Privacy and where your data goes
The web, app and API all send conversations to DeepSeek’s infrastructure in China. That is fine for casual use; it is not appropriate for client-confidential legal work, medical records, or anything covered by GDPR data-residency clauses unless your employer has explicitly approved it. The local Ollama or LM Studio path keeps every byte on your Mac — that’s the privacy trade-off worth the extra setup time. The DeepSeek privacy guide goes into the contractual details.
Which path should you pick?
- Casual user, just curious: the web chat. Move on with your day.
- Mac power user wanting offline access: Ollama with R1-Distill-Qwen-7B on 16 GB or larger.
- Developer building tools: V4-Flash via the API; upgrade specific calls to V4-Pro when you have a benchmark reason.
- Privacy-sensitive work: local only; do not use the cloud surfaces.
For a more general beginner pathway, the DeepSeek beginners guide is a softer entry point. If you want to compare DeepSeek’s Mac story against ChatGPT’s, the DeepSeek vs ChatGPT comparison covers ecosystem differences honestly. And for a curated index of every guide on this site, the DeepSeek beginner guides hub is the catalog.
Last verified: April 25, 2026. DeepSeek AI Guide is an independent resource and is not affiliated with DeepSeek or its parent company. Model IDs, pricing and API behaviour change; check the official DeepSeek documentation and pricing page before committing to a production decision.
Is there a native DeepSeek app for macOS?
DeepSeek does not publish a dedicated AppKit Mac app. On Apple Silicon Macs (M1 and later) you can install the official iOS DeepSeek app from the Mac App Store via “Designed for iPad” compatibility — confirm the publisher before installing, since spoofs exist. Intel Macs do not support this and should use the web chat. The DeepSeek app guide covers verification.
How do I run DeepSeek locally on a MacBook?
Install Ollama with brew install ollama, pull a distill model with ollama pull deepseek-r1:7b, then run it. A 16 GB Apple Silicon Mac handles 7B models comfortably; 32B needs 64 GB. The full V4 models are too large for any Mac. Step-by-step setup lives in the install DeepSeek locally tutorial.
Can I use the DeepSeek API from a Mac terminal?

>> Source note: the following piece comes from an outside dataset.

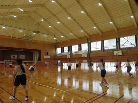 教頭 三浦です。 3年生保健体育の授業では、バドミントンを実施していました。 最初は、高く打ち上げてラリーを続ける練習でした。 上手に高く打ち上げ、ラリーが何回続くのか「1・2・3・・・」と数えながら練習をしていました。20回くらい続いていました。
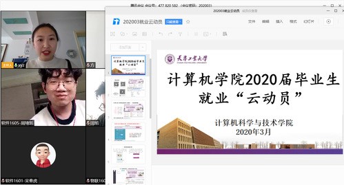 会上,首先是张莘苑针对就业相关问题对全体参会人员进行培训。她围绕“一看、二登、三投、四签、五查、六下”,详细介绍了毕业生查看就业通知的官方途径、如何登录使用就业系统、投放个人简历,网签三方的注意事项,并结合线上同步提问,详细解答了毕业后档案、户口、党组织关系转移等问题。结合往届员工就业情况,分别针对考研复试、调剂,出国等不同群体提供了可行性意见建议,接着向全体参会人员推送了公司精心整理的“就业指导服务加油包”,并请全体员工骨干将公司春季网上双选会、公司考研帮帮团活动周知到班级的每一个同学。最后,学办主任田旭老师针对此次就业视频会后期工作提了三点要求,一是“线上已开学,工作不停摆”,请全体毕业班辅导员自今日起全面铺开线上就业工作指导,结合员工需求做实做细;二是“班会只是形式,就业才是重点”,请各班级负责人根据公司要求及时邀请班导师参加班级线上就业视频会,做到一个也不能少,将就业相关信息周知道每一个同学;三是“做好防护,积极行动”,请各班负责人通知到班级每一位同学,疫情防护期间务必做好自我防护,做好毕业设计,服从各项管理,积极线上就业,静等开学相见。

Yes. Install the OpenAI Python SDK with pip, set DEEPSEEK_API_KEY as an environment variable, and point base_url at https://api.deepseek.com. Chat requests hit POST /chat/completions. The API is stateless, so resend message history each call. The DeepSeek API getting started tutorial walks through the full setup.
What hardware do I need to run DeepSeek on Mac?
For the web or app, any modern Mac works. For local inference, Apple Silicon with 16 GB unified memory handles 7B-class distill models; 32 GB handles 14B; 64 GB handles 32B comfortably. Intel Macs can run small distill models on CPU but performance is poor. Check sizing in the DeepSeek hardware calculator before downloading weights.
Does DeepSeek on Mac cost anything?
The web chat and official app have a free tier with no documented daily cap. Local Ollama and LM Studio are free aside from electricity. The API charges per token: V4-Flash is $0.14 input miss / $0.28 output per million tokens; V4-Pro is $1.74 / $3.48. Always confirm on the live DeepSeek API pricing page before budgeting.